SCOTUSblog By Amy Howe 2/13/2026
The Supreme Court will hear oral arguments on April 1 in the challenge to President Donald Trump’s executive order seeking to end the guarantee of citizenship to virtually everyone born in the United States. Like another high-profile case argued earlier this term, involving the challenge to Trump’s tariffs, the dispute has thus far garnered a large number of amicus or “friend of the court” briefs – 18 in support of the Trump administration and one that, although theoretically in support of neither side, tends to favor the administration.
I highlight some of the arguments made in the briefs supporting the Trump administration below. When the “friend of the court” briefs supporting the challengers are all filed later this month, I will discuss those in a separate story.

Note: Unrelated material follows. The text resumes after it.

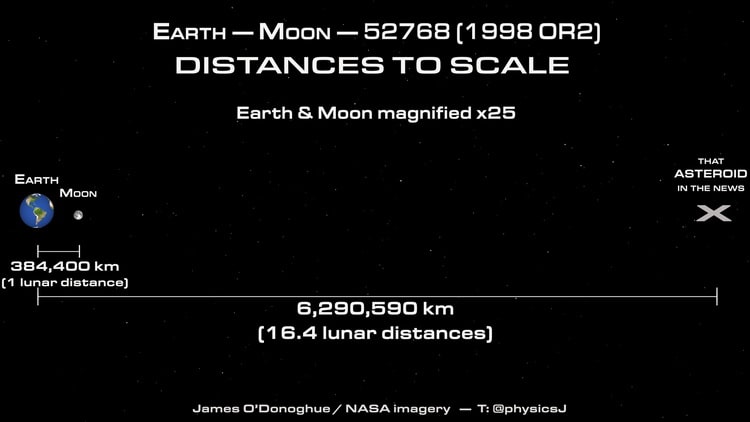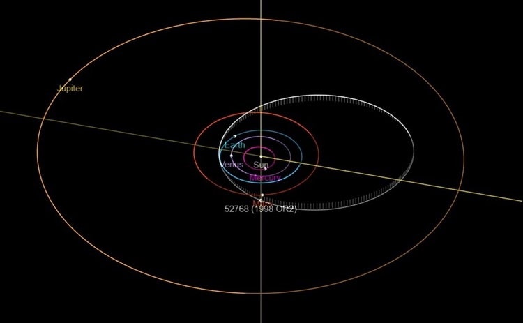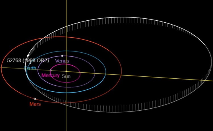 این روزها که جهان درگیر ویروس کرونا (کووید ۱۹) شده، دغدغه بزرگ دیگری نیز افراد مختلف را در بر گرفته: یک شهاب سنگ بزرگ در تاریخ ۱۰ اردیبهشت ۹۹ با کره زمین برخورد خواهد کرد! و آنگونه که دانشمندان میگویند اگر این اتفاق رخ دهد، بشریت به پایان کار خود خواهد رسید. میخواهیم ببینیم آیا این اتفاق خواهد افتاد؟ بگذارید ابتدا روشن کنیم که آنچه در تاریخ ۱۰ اردیبهشت به نزدیکترین فاصلهاش با کره زمین خواهد رسید، نه یک شهاب سنگ بلکه یک سیارک است و بر روی یک مدار در حال گردش است. نام این سیارک، 52768 (1998 OR2) است. در شکل زیر، مقایسه بین فاصله زمین تا ماه و سیارک 1998OR2 در نزدیکترین فاصلهاش با زمین را مشاهده میکنید که در حدود ۱۶.۴ فاصله ماه تا زمین (معادل ۶.۲۹۰.۵۹۰ کیلومتر) است: همانطور که میبینید واقعاً جای هیچگونه نگرانی نیست و این سیارک، با خوبی و خوشی از کنار ما عبور خواهد کرد و احتمالاً تا مدتها برایش دلتنگ خواهیم بود! در تصاویر زیر، زاویه مدار سیارک 1998 OR2 را مشاهده میکنید. حال میخواهیم مشخصات دقیقتری از این سیارک بدانیم: نام سیارک: سیارک 52768 یا 1998OR2 ابعاد: حدود ۴ کیلومتر مدت زمان گردش به دور مدار: ۳.۶۷ سال (۱۳۴۱ روز) فاصله اوج: 3.74228AU فاصله حضیض: 1.0167AU

Several briefs focus on echoing or adding to the Trump administration’s arguments on the text of the Constitution.The 14th Amendment provides that “[a]ll persons born … in the United States, and subject to the jurisdiction thereof, are citizens of the United States and of the State wherein they reside.” The Trump administration’s argument centers on the idea that to obtain citizenship at birth, you must be “subject to the jurisdiction of the United States,” which in turn means that you must be “completely subject” to this country’s “political jurisdiction,” “owing it ‘direct and immediate allegiance.’” The children of noncitizens who live only temporarily in the United States, the federal government contends, “owe primary allegiance to their parents’ home countries, not the United States” and therefore are not covered by the 14th Amendment’s citizenship clause.
Law professor Ilan Wurman offers a closer look at the rule in place in early English and U.S. history. He contends that, contrary to conventional wisdom, birthright citizenship was not universally available but was instead only available to the children of “parents under the sovereign’s protection. In exchange for that protection,” he writes, “the parents owed the sovereign allegiance” – a rule that “is unlikely to have applied” to the children of undocumented immigrants, whose parents would not have been under the sovereign’s protection. And “the leading drafters of the Civil Rights Act and the Fourteenth Amendment,” he says, “appear to have presumed temporary visitors would be excluded” from birthright citizenship because they were not subject to the “complete jurisdiction” of the United States.
Another law professor, Richard Epstein, points to the laws that governed the naturalization of U.S. citizens around the time of the adoption of the 14th Amendment to support the argument that the phrase “subject to the jurisdiction” of the United States does not apply to the children of undocumented immigrants. Under those laws, Epstein contends, someone who wanted to become a naturalized U.S. citizen “had to take an oath renouncing all loyalties to any foreign sovereign”; the children of a naturalized citizen would only then become U.S. citizens as well. “Because ‘subject to the jurisdiction thereof’ excludes individuals born owing allegiance to a foreign country,” Epstein asserts, “the phrase excludes children born to illegal immigrants. Even the most precocious newborn babies cannot renounce foreign ties. Only their parents can. And illegal aliens, by definition, have not done so,” Epstein concludes.